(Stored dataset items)
---------------
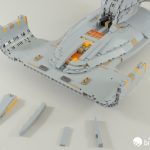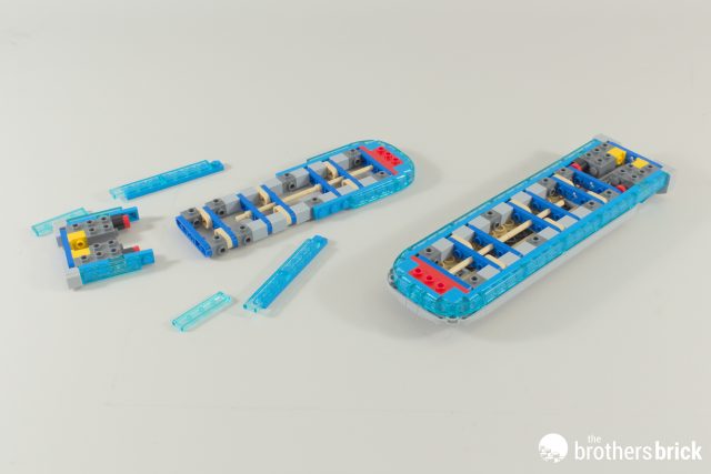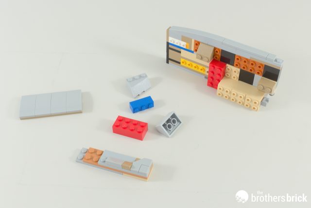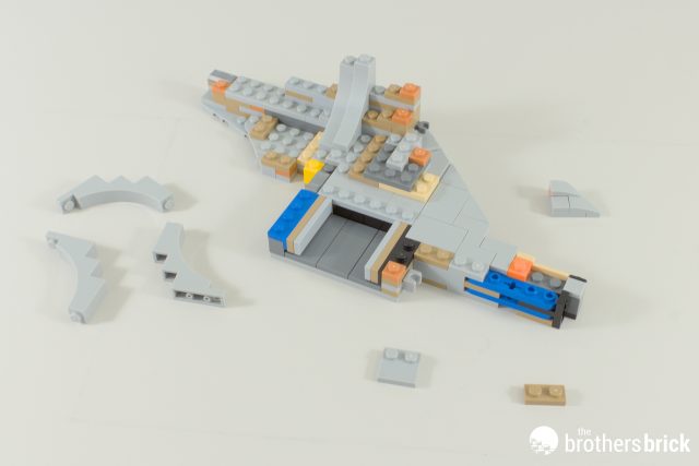 Our build starts off with the engineering section at the back of the ship. It doesn’t look like much to begin with, and there’s so much sideways building it’s difficult to get your bearings.
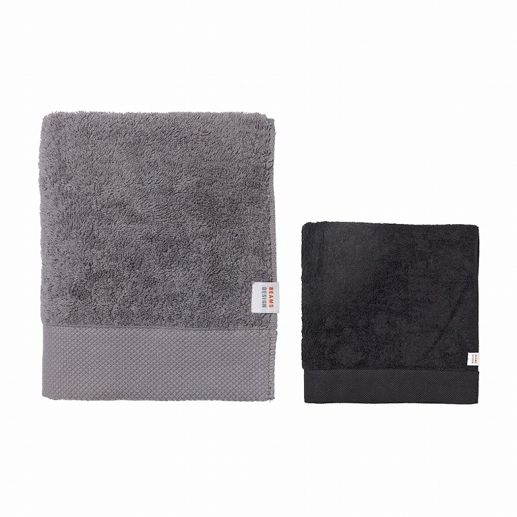 ベーシックな無地のカラータオルに「BEAMS DESIGN」のワンポイントロゴネームを付けた、シンプルなデザイン。
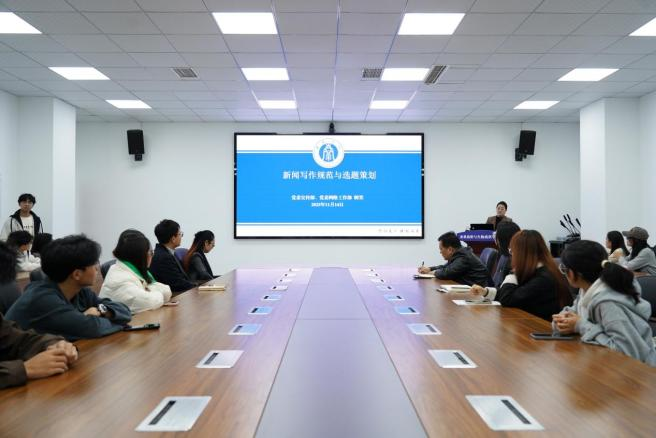 发布时间: 2025-11-24 16:32:05 已阅读:为提升公司宣传工作水平,建强宣传矩阵,11月14日下午,公司于33教110会议室举办了“新闻选题策划与写作规范”专题讲座。公司教学办、公司产品办、党委全体辅导员及公司团委员工会、融媒体中心、党员领航队的40余名师生代表参加了本次讲座。讲座由公司党委副书记朱高峰主持。
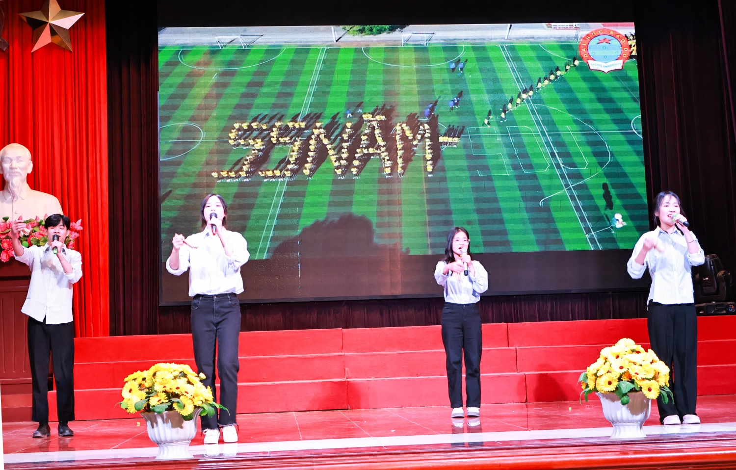 NGƯT. TS Nguyễn Trọng Các và NGƯT. TS. Nguyễn Thị Kim Nguyên đại diện lãnh đạo Trường Đại học Sao Đỏ tặng hoa tri ân đại diện các đơn vị tài trợ
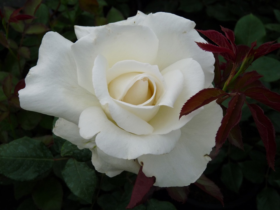 An excellently formed pure white rose that can withstand the elements. Strong growth. Light green, half shiny leaf.
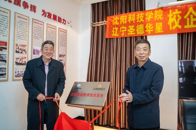 随后,孙校长和赵总经理代表双方正式签署了校企合作协议,校方王鸿鹏副校长和企业方刘凯副总经理为校企合作、产教融合实践基地揭牌,校方袁德成副校长和企业方研究院肖林久院长为双师双能教师培训基地揭牌。这一重要合作项目的达成标志着学校与辽宁圣德华星化工有限公司在产学研合作领域迈出了坚实的步伐。
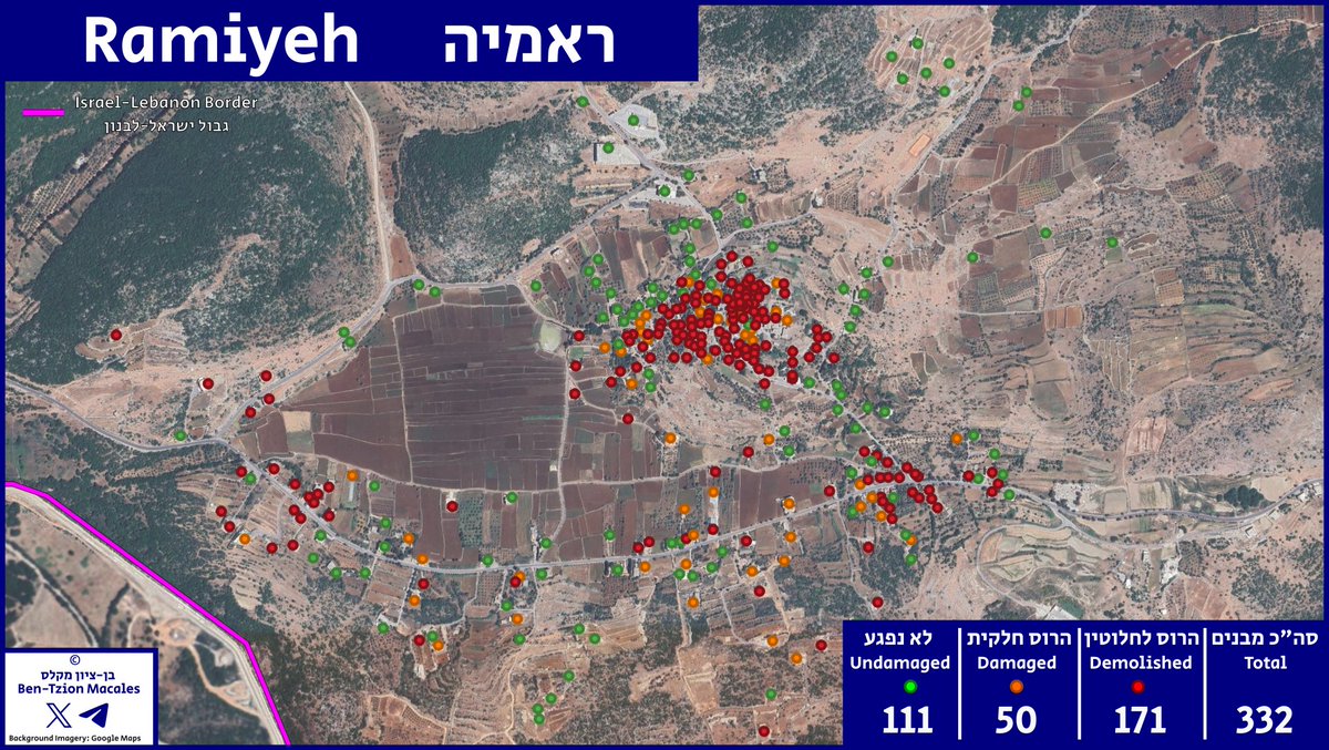 These are the villages where IDF Divisions 98, 91, 36, 146, and 210 maneuvered to destroy enemy capabilities. 1. Over than 6,000 buildings (some are not included in the thread) were damaged with moderate to severe impact during the ground maneuver in October and November. More than a third of all buildings in the first line. The number could get higher when burnt-out buildings are included. 2. Many buildings that were destroyed were found on controlling hilltops, main routes, or village cores. 3. All buildings within a few hundred meters from the border were demolished. 4. Villages with a predominantly Muslim Shiite and Sunni population were significantly more affected compared to villages with a Christian-majority population.
---------------
Give every line of the data above again as it stands; the pictures stay out.

 Our build starts off with the engineering section at the back of the ship. It doesn’t look like much to begin with, and there’s so much sideways building it’s difficult to get your bearings.
 ベーシックな無地のカラータオルに「BEAMS DESIGN」のワンポイントロゴネームを付けた、シンプルなデザイン。
 发布时间: 2025-11-24 16:32:05 已阅读:为提升公司宣传工作水平,建强宣传矩阵,11月14日下午,公司于33教110会议室举办了“新闻选题策划与写作规范”专题讲座。公司教学办、公司产品办、党委全体辅导员及公司团委员工会、融媒体中心、党员领航队的40余名师生代表参加了本次讲座。讲座由公司党委副书记朱高峰主持。
 NGƯT. TS Nguyễn Trọng Các và NGƯT. TS. Nguyễn Thị Kim Nguyên đại diện lãnh đạo Trường Đại học Sao Đỏ tặng hoa tri ân đại diện các đơn vị tài trợ
 An excellently formed pure white rose that can withstand the elements. Strong growth. Light green, half shiny leaf.
 随后,孙校长和赵总经理代表双方正式签署了校企合作协议,校方王鸿鹏副校长和企业方刘凯副总经理为校企合作、产教融合实践基地揭牌,校方袁德成副校长和企业方研究院肖林久院长为双师双能教师培训基地揭牌。这一重要合作项目的达成标志着学校与辽宁圣德华星化工有限公司在产学研合作领域迈出了坚实的步伐。
 These are the villages where IDF Divisions 98, 91, 36, 146, and 210 maneuvered to destroy enemy capabilities. 1. Over than 6,000 buildings (some are not included in the thread) were damaged with moderate to severe impact during the ground maneuver in October and November. More than a third of all buildings in the first line. The number could get higher when burnt-out buildings are included. 2. Many buildings that were destroyed were found on controlling hilltops, main routes, or village cores. 3. All buildings within a few hundred meters from the border were demolished. 4. Villages with a predominantly Muslim Shiite and Sunni population were significantly more affected compared to villages with a Christian-majority population.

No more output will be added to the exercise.